Highly efficient overall photocatalytic water splitting in 2D heterostructure GaSe/ScGaSe3

Abstract

In the field of photocatalytic water splitting, the efficient utilization of solar energy is paramount. However, until now, the infrared and ultraviolet portions of the solar spectrum, which collectively constitute nearly half of the total solar energy, have remained underutilized, resulting in significant losses in solar energy utilization efficiency. Herein, we meticulously design a type-II band-aligned GaSe/ScGaSe₃ heterostructure and meticulously examine its photocatalytic capabilities through rigorous first-principles calculations. The calculation results reveal the valence band and conduction band are distributed on two opposite surfaces with a large electrostatic potential difference produced by the intrinsic dipole of the photocatalyst. This surface potential difference, acting as an auxiliary booster for photoexcited electrons, This enables the GaSe/ScGaSe₃ heterostructure to exhibit a minimal indirect band gap of 0.44 eV, ensuring effective photocatalytic water splitting reactions at all pH values under the action of the inherent electric field.
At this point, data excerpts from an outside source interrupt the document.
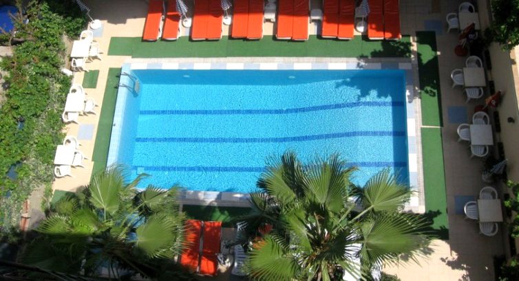 Мне с друзьями удалось в разгар сезона успеть купить тур на 15 дней с прямым вылетом из Калининграда за 35000 за двоих. Тур купили за 8 дней до вылета. И за эти деньги я могу сказать-отель СУПЕР! Главное достоинство-Почти самый центр города! 10 минут медленным шагом по главной улице и вы в центре у порта и улицы баров и пабов. Второе достоинство- через дорогу пляж! Ну и по мелочам- пляж песочный, шезлонги 2 бакса, пить и есть можно свое))) Да, конечно отель не предел мечтаний, но номера стандартные, маленькие, две кроватки, теле под потолком, холодильник, балкончик. Ванная комната как в хрущевке (есть фен). Но что бы поспать ночью и помыться вполне достаточно. Есть лифт...да, в лифте нет внутренней двери, ну и что))) вы же не в лифте жить приехали))) Столовка так себе, но опять же, голодным не останешься...за 2 недели мясо было 2 раза...в основном соя))) НО-есть гарниры, овощи и какой нибудь фрукт или ягода))) Голодным пр желании не останешься да и вообще- вы что жрать приехали)))) Бассейн маленький, но купиться можно. Загорать у бассейна нельзя-после обеда тень. Вообще для больших курортов в Турции это обычный отель.все отели в центре этажей 6, бассейн маленький, все экономно...и цена соответственно не велика. Ну а в сезон когда он стоит 60000 за 2 недели, так простите и 4* и 3* стоят от 70000.
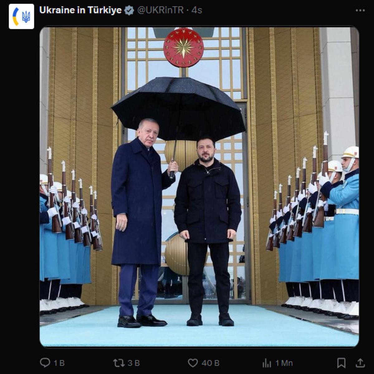 Ukrayna'nın Ankara Büyükelçiliği X sosyal medya hesabından yapılan paylaşımda, Cumhurbaşkanı Recep Tayyip Erdoğan'ın 18 Şubat'ta Beştepe'de Zelensky'yi karşıladığı anlardan bir kare yer aldı.
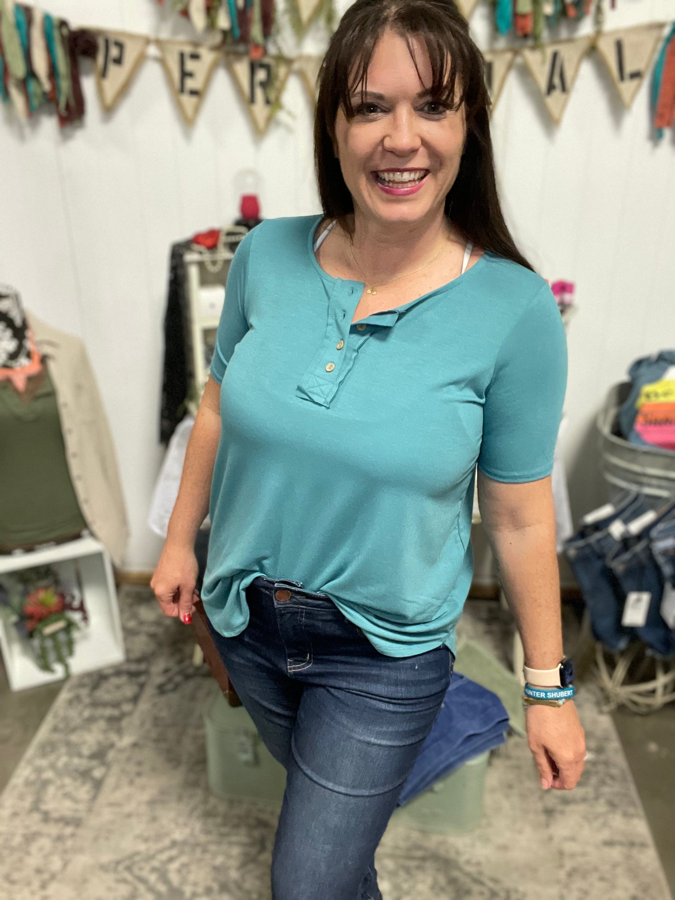This short sleeve button down top is crafted from a blend of 57% polyester, 38% rayon, and 5% spandex, providing a relaxed fit and a buttery soft feel.
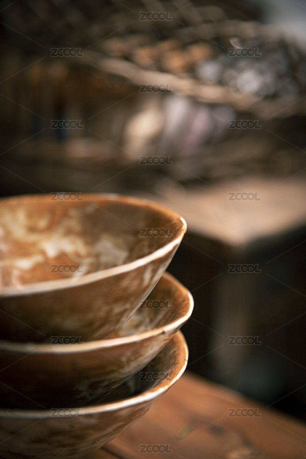 传统复古的餐桌上,放着许多碗筷等生活用品
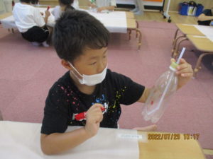 今日は夏休みのプール遊びなどで使える”水でっぽう”を作りました。
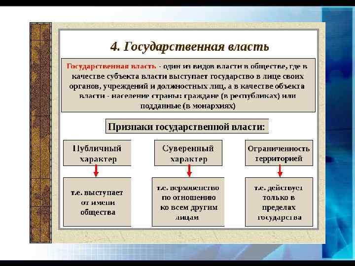 Страна-территория. Государство- в широком смысле = страна Государство- в узком смысле- организация политической власти, осуществляющая управление обществом и обладающая суверенитетом.

Furthermore, the heterostructure possesses unique optical properties, demonstrating a high light absorption coefficient. It captures an impressive 10 % to 43 % of visible and ultraviolet light, significantly enhancing the utilization efficiency of sunlight. Encouragingly, our analysis shows that the corrected solar-to-hydrogen (STH) efficiency of this heterostructure is 33.77 %, marking a tremendous leap of 346 % compared to standalone GaSe monolayers. Additionally, the application of biaxial tensile strain further boosts this efficiency to an astonishing 36.46 %. These remarkable characteristics not only emphasize the immense potential and broad application prospects of the GaSe/ScGaSe₃ heterostructure but also underscore its significance in advancing the field of photocatalytic water splitting.